I was very pleased with this sample after having a bum session with Songyang White yesterday, though I have plenty of leaf to revisit it another day. While they do not taste similar they leave the same feeling on the tongue, a bit dry and tingly, what I am learning to identify as lineny, a trademark of Yunnan teas, this one even reminds me of some blacks. I am even beginning to appreciate this texture for what it is, though I personally prefer teas to leave my mouth buttery, juicy, sparkling or cool.

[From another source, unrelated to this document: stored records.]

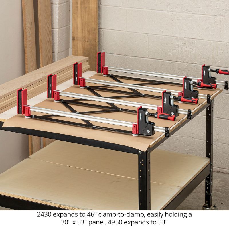 - The larger 4050 Xpander accommodates 40" to 50" clamps. The smaller 2430 Xpander handles 24" to 40" clamps. The 4050 expands to 53" from edge to edge, allowing you to glue up panels up to 60" long. The 2430 expands to 46" edge to edge, letting you glue up panels 53" long.
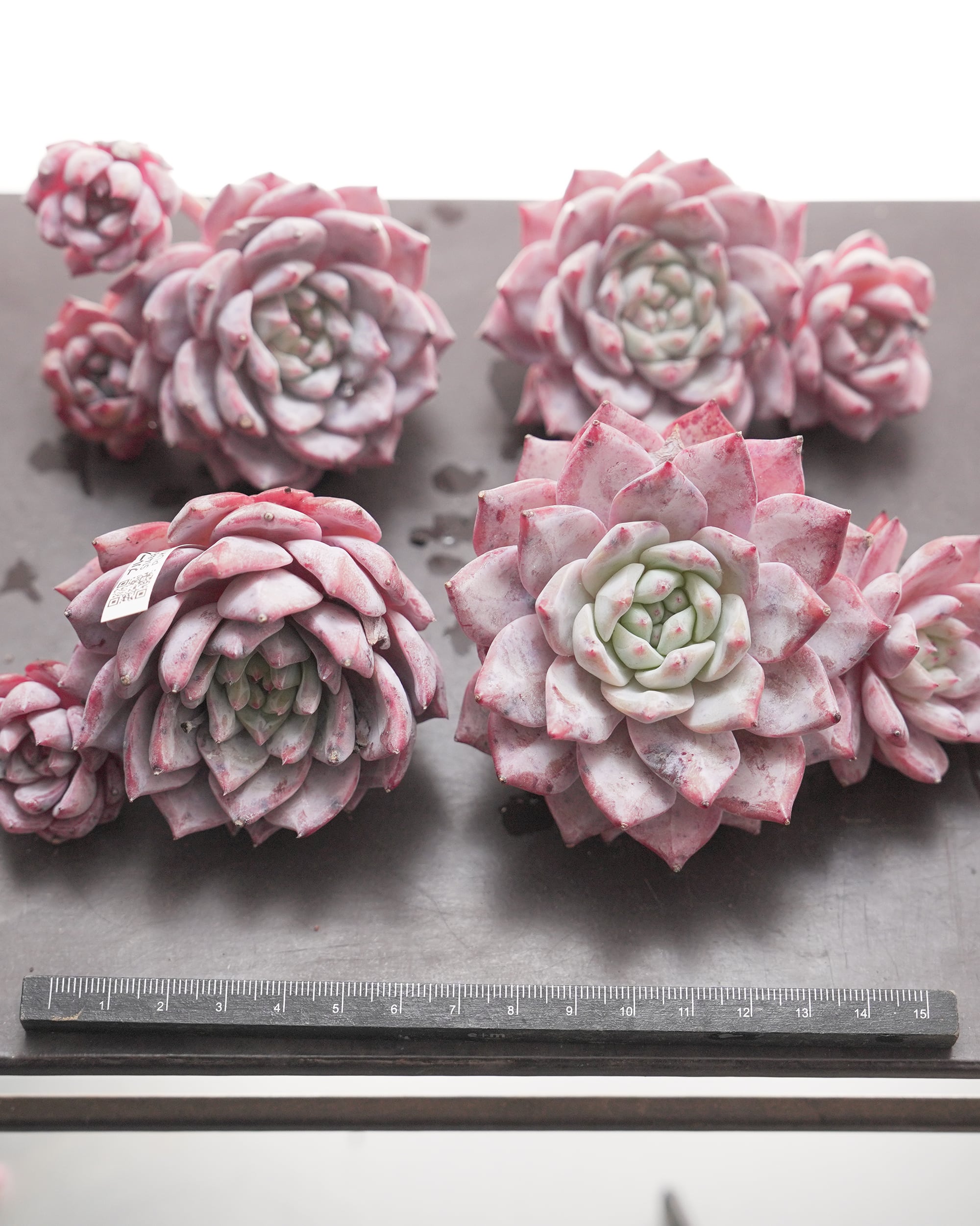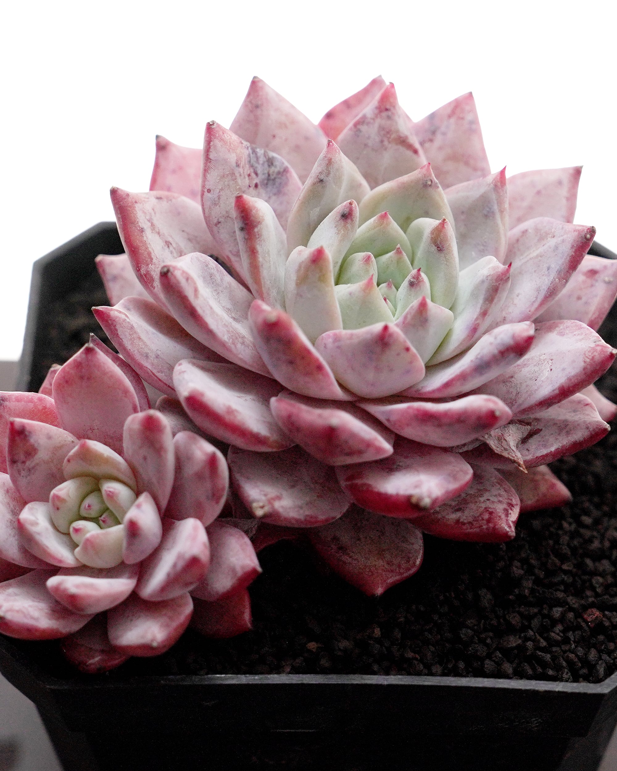 しっかりとパウダーをまとったペールカラーのグラデーションが目を引く、F. Reaineltさん作出のハイブリッド。カンテ E. cante とサブセシリス E. peacockii 'Subsessilis' の交配種というのが通説ですが、羽兼さん曰く「コロラータ✕ピーコッキーのほうが有望」とか(ICNも「カンテちゃうで」と)。やや幹立ちする性質があるのと、葉っぱが垂れ下がりやすいのですが、季節が巡ってくると垂れた葉っぱは枯れて元気なロゼットを開いてくれます。
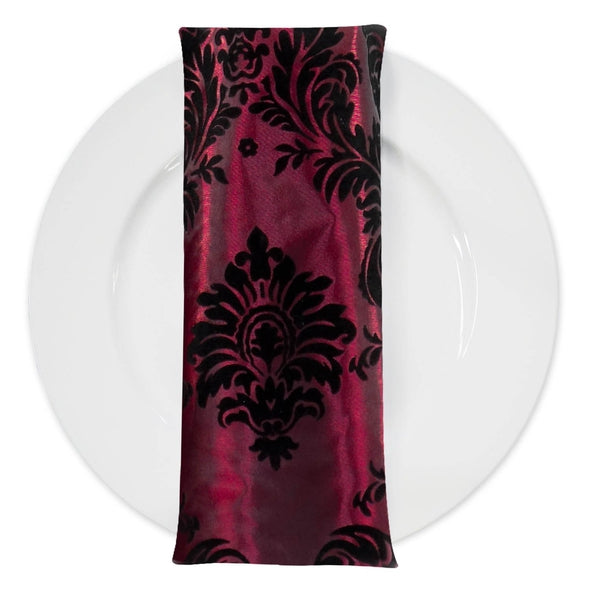 Damask Flocking Taffeta Table Napkin in Black on Burgundy
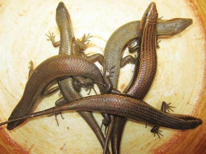 Loài đặc sản khiến nhiều người rùng mình khi nghe tên chính là rắn mối. Đây là một loài bò sát có hình dáng khá giống thạch sùng nhưng kích thước lớn hơn, toàn thân phủ lớp vảy bóng loáng. Chúng thường xuất hiện trong các bụi rậm khô ven vườn, dưới gốc cây mục hoặc những nơi có nhiều lá khô.
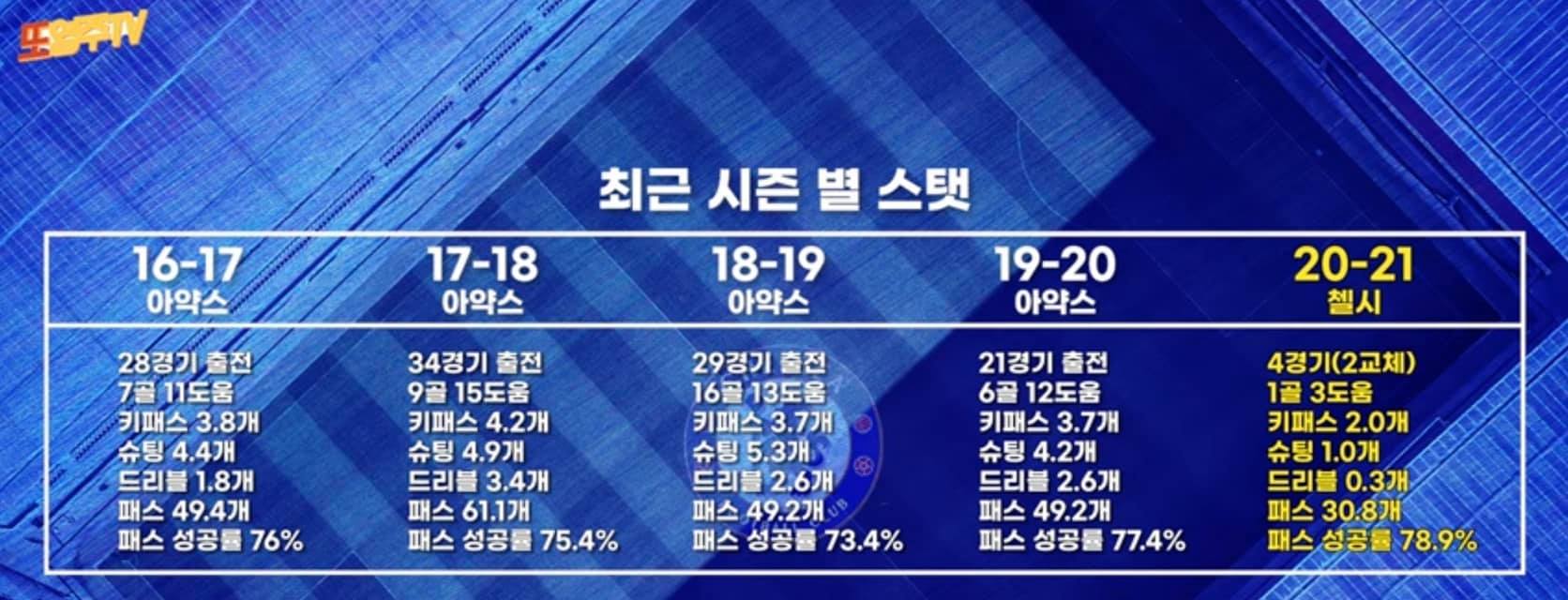 전술적 주문이 있었을 수도 있겠고 본인의 경기 외적인 문제일 수도 있다. 반면 첼시에서의 경기들을 돌아보면 부상의 여파라고 보기는 어렵다. 심리적으로 위축이 됐을 만한 문제가 생겼을 수도 있고 환경의 문제가 그의 컨디션에 영향을 주고 있을 수도 있다. 이 모든 게 궁예지만 결론은 경기 외적인 이슈에 부딪혀 본연의 색을 완전히 잃어버렸다고 볼 수밖에 없다. 거듭 이야기하지만 리그 레벨의 문제를 벗어난 수준이고 이러한 주장에 동의하지 않는 분들은 적어도 아약스 시절 지예흐가 UCL에서 활약하던 경기들을 복기해보시라고 권유하고 싶다.

Taste wise they are very different teas, while the Songyang was very quiet for me, this one is vibrant and evokes several tea memories for me. The first steep is mildly perfumey (in a nice way) with a touch of cocoa, it reminds me most strongly of Golden Jade and now reading the description I can relate this to sweetgrass. It gets more interesting in the second steep, which is all piney and rosemary and calls to mind more pungent white teas, even Yabao. The third steep is a blend of the first two with a nice sweet kick at the beginning and gaining an artichoke note, though I totally get the basil and lime. The fourth is less sweet but just as bright.

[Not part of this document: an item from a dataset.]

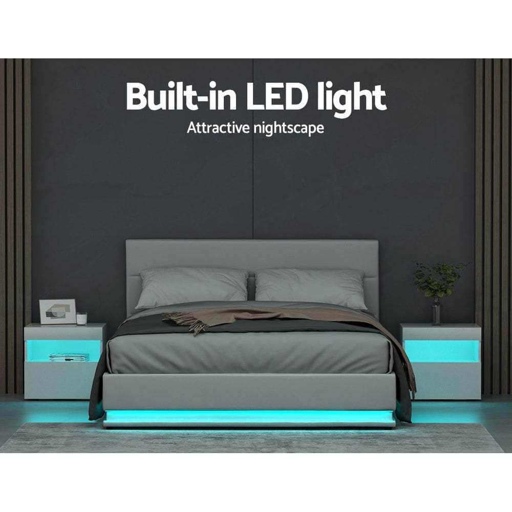 When is a bed more than a bed? When it uses our LUMI Gas Lift Bed Frame. On the outside, this bed frame looks like just any other quality bed frame. Beautifully padded with generous foam and covered in PVC leather. Strong steel frame with high grade steel centre rails, heavy-duty bars and arched slat base. Large and comfortable headboard. But with one easy gas lift of the bed base, the bed frame becomes an instant storage area with acres of space for your bedding essentials. Simply store your extra pillows, bed sheets, cushions and more in the storage compartment and hide them away for the season. Even better, you no longer have to fumble in the dark for a light switch in the middle of the night with this bed frame. It comes with built-in LED lighting that can be customised into 16 different colours and 4 flashing modes to suit your preference. Not only will the illuminated bed frame create a beautiful ambience, it will also save you from buying extra bedside lamps or nightlights. So do not just get any bed frame, get this 3-in-1 bed frame to expand your home storage capacity and light up your nights with just a lift of your hands.
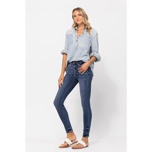Features: These mid-rise skinny jeans are crafted from a premium 93% cotton, 6% polyester, and 1% spandex blend, giving you a stretchy, comfortable fit that moves with you all day. The flattering skinny silhouette is perfect for showcasing your curves, with stylish whiskering and light fading for a relaxed, worn-in vibe. The secure single button and zipper closure make getting dressed easy peasy.

Unfortunately I had to move on to dinner and was a bit tea-ed out, I’m excited to try the 2012 picking and all these Verdant Yuannan black teas. I also think I shall pick up a bit of Lavender Earl Green with my Alchemy Blends order. 100th tasting note, woo!

Update: Yesterday I tried the sample David sent of the 2012 first plucking thank you. I could tell as soon as I poured the water that this was different. It smelled so very vegetal, even though the steep was only 5 sec and rendered a perfectly clear liquor. The first two infusions tasted more like Laoshan green. The third through fifth reminded me more of last years Jing Shan but I wouldn’t draw the Golden Jade or Yabao comparison this time. It still has that same Yunnan texture to it but is so much more green and I dare say a bit sweeter! So it tastes like itself only more, if that makes sense. In the end I’d say its a very well balanced and delightful green.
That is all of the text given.